There is a lot to be learned from this experience. Go with someone if you can or let someone know where you are going. Have a carefully marked out course. Bring more water than you think you need and a bar for food. Have a hat, a mirror, or orange fabric to flash if in trouble. Be prepared and never underestimate the size or complexity of this park. If you do get in trouble, don’t be afraid to reach out for help. Purchasing a tracker can be helpful and have someone on alert if you don’t come home at a specific time.

In reflection, I had a network of rangers, friends, and volunteers who were ready to help. The Park Rangers advised my friends not to go into the park themselves. It is better to have trained personal and not end up with multiple searches and rescues.

I am incredibly grateful to Joshua Tree National Park. Everyone is trained and focused on the visitor’s safety and well-being. When the Rangers, firefighters, and emergency units are extended to their limits, well-trained volunteers and canine rescue team step-up. They would have sent in a heat-sensing drone and additional groups if they had not found me that night. I can never repay my gratitude.

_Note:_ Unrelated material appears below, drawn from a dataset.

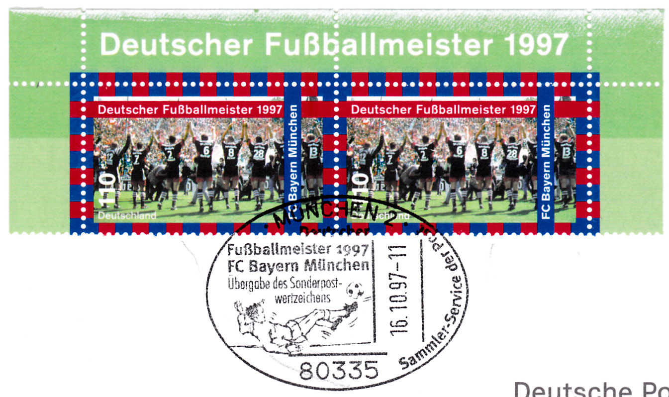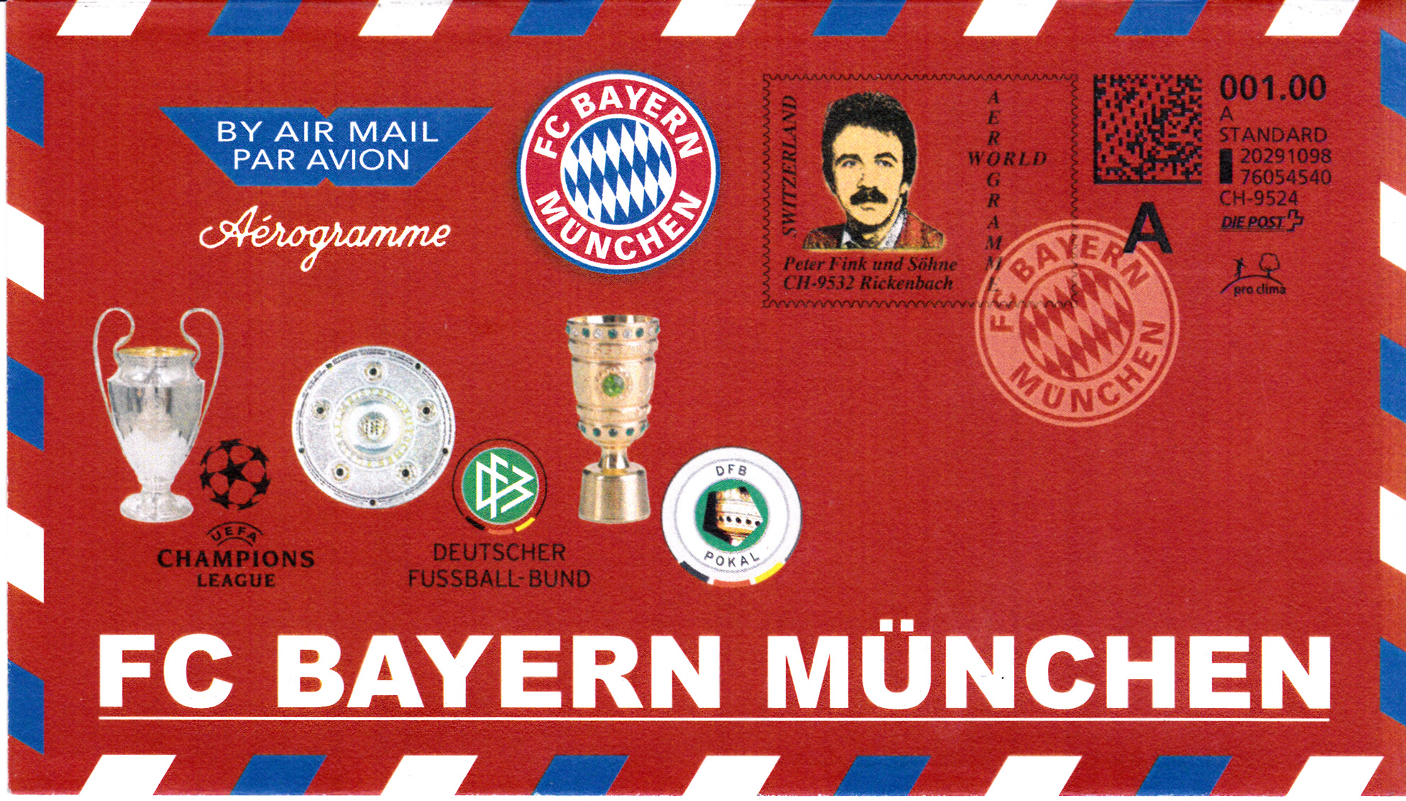 Hier ein mit einer WebStamp bedrucktes Auslands-Aerogramm eines Händlers aus der Schweiz für Aerogramme. Die Werbefläche der WebStamp hat er für Werbung für seine Firma benutzt. Dazu kommt ein privater Zudruck auf dem Aerogramm zum 2:1-Sieg des FC Bayern München gegen Borussia Dortmund beim Champions League Endspiel im Wembley Stadion.

Thank you, Superintendent David Smith.

https://www.nps.gov/subjects/healthandsafety/before-the-trip.htm

One thought on “LOST IN THE PARK: A CAUTIONARY TALE”

  1. Thank you so much for sharing your story. So many people do not realize how easy it is to get lost in Joshua Tree National Park, and how dangerous getting lost can be. A hiker can hike five minutes away from the great crowds that visit the park, become disoriented and then lost. Even on short hikes, hikers, even seasoned ones, should assume that the possibility exists that they may become lost and prepare for this just in case. I’m relieved that you had an outcome that gave you the opportunity to share your story. Some people, unfortunately, do not. So all the more important that you have shared your story!